Cap sur Rome : le défi vélo de Charlotte pour les handicaps invisibles
Cap sur Rome : vélo pour les handicaps invisibles

Arrivée à plus de la moitié de son périple, l’infirmière paloise, originaire de Viodos-Abense-de-Bas, poursuit son chemin jusqu’en Italie pour sensibiliser aux handicaps invisibles et aux maladies rares.

Un défi sportif et humain

À 29 ans, Charlotte Coupau relève un défi aussi sportif qu’humain. Originaire de Viodos-Abense-de-Bas, au Pays basque, aujourd’hui installée à Pau, cette infirmière a pris la route le 1er mai pour rallier Rome à vélo. Un périple de plus de 1 000 kilomètres baptisé « Cap sur Rome », qu’elle mène pour sensibiliser aux handicaps invisibles et aux maladies rares.

Une histoire personnelle marquée par la maladie

Derrière ce projet, une histoire personnelle marquée par un long parcours médical. Atteinte d’un syndrome polymalformatif, Charlotte a subi 18 opérations depuis sa naissance. Pendant des années, aucun diagnostic précis n’avait été posé. « Je ne savais pas ce que j’avais. J’ai fait mes propres recherches et je suis tombée sur le nom d’un syndrome génétique qui correspondait à tous mes symptômes, explique-t-elle. C’est une véritable errance médicale, un parcours du combattant. »

Bannière large Pickt — app de listes de courses collaboratives pour Telegram

Charlotte Coupau a déjà parcouru plus de 600 des 1 100 kilomètres qui la mèneront jusqu’à Rome.

Un quotidien bouleversé

C’est cette réalité qu’elle souhaite mettre en lumière à travers son aventure. « Je veux faire connaître ces pathologies souvent invisibles, dont on parle peu, mais qui bouleversent profondément la vie quotidienne. » Pourquoi Rome ? Le choix n’est pas anodin. « Le siège de l’association liée à ce syndrome se trouve à Nîmes, je devais donc passer par là. Et franchir une frontière avait une valeur symbolique forte : cela donne une portée plus large au message. »

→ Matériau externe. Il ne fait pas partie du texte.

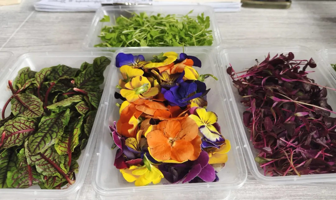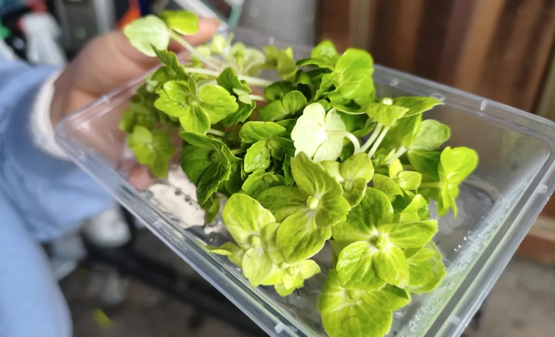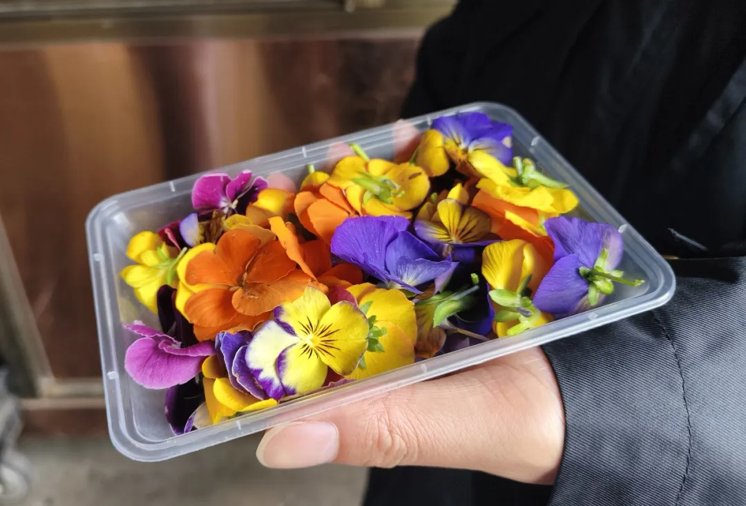 除了槐花、黄花菜,郑家贵的冷库里还藏着“颜值担当”——专门用来摆盘的花。“这是三色堇,饭店买回去,往菜肴一摆,立马就精致了,我们按盒卖,一盒才6块钱。”他指着另一盒翠绿的叶子补充,“还有这绿绣球花瓣,西餐、日料店最爱用,烘焙甜品点缀下,清新又高级,很受年轻人喜欢,拍照发圈都好看。”

Préparé depuis près d’un an, le projet a nécessité une organisation minutieuse. Charlotte a pris contact avec plusieurs associations, s’est rendue à Paris, notamment à l’hôpital Necker, et a construit son itinéraire autour de rencontres prévues sur le parcours.

Une aventure riche en rencontres

Depuis son départ, elle a déjà parcouru près de 600 kilomètres. Jusqu’ici, famille, amis ou inconnus touchés par sa démarche l’ont accompagnée sur certaines étapes. « Beaucoup de gens sont venus spontanément faire un bout de route avec moi. Il y a énormément de bienveillance », raconte-t-elle avec émotion.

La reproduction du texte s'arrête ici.